Auf jedenfall, jetzt mal so von mir (Anfänger!) zum Rest (hoffentlich besser!):

Wo sind denn die Teile in PS versteckt? 

Nur so nebenbei......

P.S.:Wer nochmehr solche Teile sehen will, sollte mal auf board.aisdesign.de gehen und den Ausstellungsraum besuchen.
Das Pic is' aus dem Post "Jeden Tag ein neues Pic".
Da gibts ne' Menge solchen Stuff!


----------



## Kugu (5. Juni 2001)

Jo der Typ hats echt raus dieser Ghost XXL .... ;-)


----------



## Priest (6. Juni 2001)

Paint Shop Pro?? öööh - wusste gar nicht das dat so viel kann ...
Der Type scheints aber echt drauf zu haben.

Für die Anfänger:
Gradiationskurven / Hue/Sat bzw. Farbton/Sättigung findet man unter
Bild -> Einstellen (Bei 5.5)

Ebeneverrechnungsmodi werden direkt im Ebenen ... erm ... "floater" (oder Fenster oder wie auch immer) einstellen.
Über der Liste mit dem Ebenen ist eine Dropdown box (steht auf "normal")


----------



## Thimo Grauerholz (6. Juni 2001)

da hier alle so geil am raten sind mach ich mal mit.

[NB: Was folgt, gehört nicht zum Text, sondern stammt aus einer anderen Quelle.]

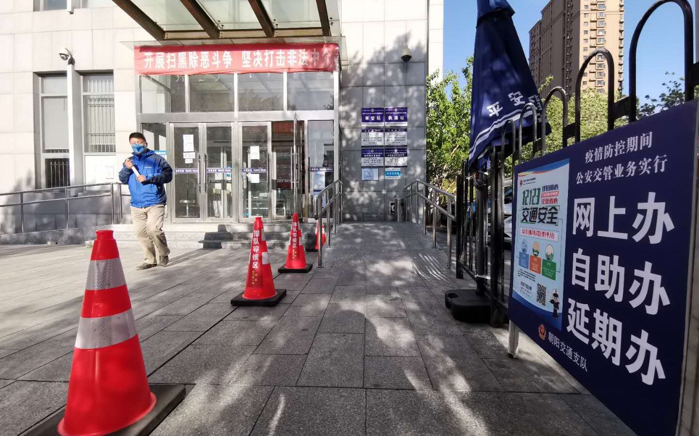 朝陽交通支隊執(zhí)法站外,張貼著提醒市民通過網(wǎng)絡辦理的宣傳海報。新京報記者 裴劍飛 攝

also vermute umkehren + sättigung + 3dsmax oder grafik und ungefähr 20 oder weniger ebenen. *grins*

aber am besten ist immer man fragt den autor mal dreißt



> -Ebenen (war ja klar, oder welcher Depp "malt" alles auf eine!)
> -hue|saturation
> -gradiationskurven



eher weniger.
 ebenen klar - ebenen einstellungen wie ineinanderkopieren - sättigung ansonsten sollte es nich so schwer sein so ein bild zu machen. aber ka

lohnt es sich darüber zu fachsimpeln?


----------



## ghaleon (6. Juni 2001)

wahrscheinlich
---------
gradiationskurven sin in der us version uebrigens einfach nur curves [die deutschen brauchens halt aweng umstaendlicher]


----------



## Priest (6. Juni 2001)

Hmmm ... in der Deutschen Version steht bei Einstellungsebenen auch nur "Kurven" ^_^

Was meintest du dann mit Gradients? Verläufe? (Kann mich da dunkel erinnern daß das in der englischen 3.0er die ich mal hatte so war ...)


----------



## g-zus (6. Juni 2001)

*...*

3D Studio MAX?!?!?
Nöööö...wo denn?


----------



## Zack|De|La|Rocha (6. Juni 2001)

erkenn da auch irgendwie kein max


----------



## g-zus (6. Juni 2001)

*....*

sag' ich doch...

was glaubst du denn is' da in MAX gemacht?
Oder anders: Was hättest du mit MAX gemacht, wenn das dein Bild wäre?

Also, für mich wären höchstens die Lichteffekte denkbar, aber das würde auch anders aussehen......ganz anders!

Und das Gesicht wohl eher kaum!!!! ;-)


----------



## Zack|De|La|Rocha (6. Juni 2001)

lol


----------



## Oxygen (6. Juni 2001)

Also ich hab gedacht, diese Dreiecke oben rechts wären mit 3dsm...
 aber war wohl nich...


----------



## Zack|De|La|Rocha (6. Juni 2001)

nobody is perfect


----------



## g-zus (6. Juni 2001)

*nöööö*

ich glaub zwar, dass man das in MAX machen könnte, aber das is' doch mehr Arbeit als in PS selbst, oder?!?!?


----------



## ghaleon (8. Juni 2001)

die dreiecke sin einfache shapes es gibt bei denen ja auch garkeine 3d effecte die 'lichteffecte' sind relative zusammenhanglos


----------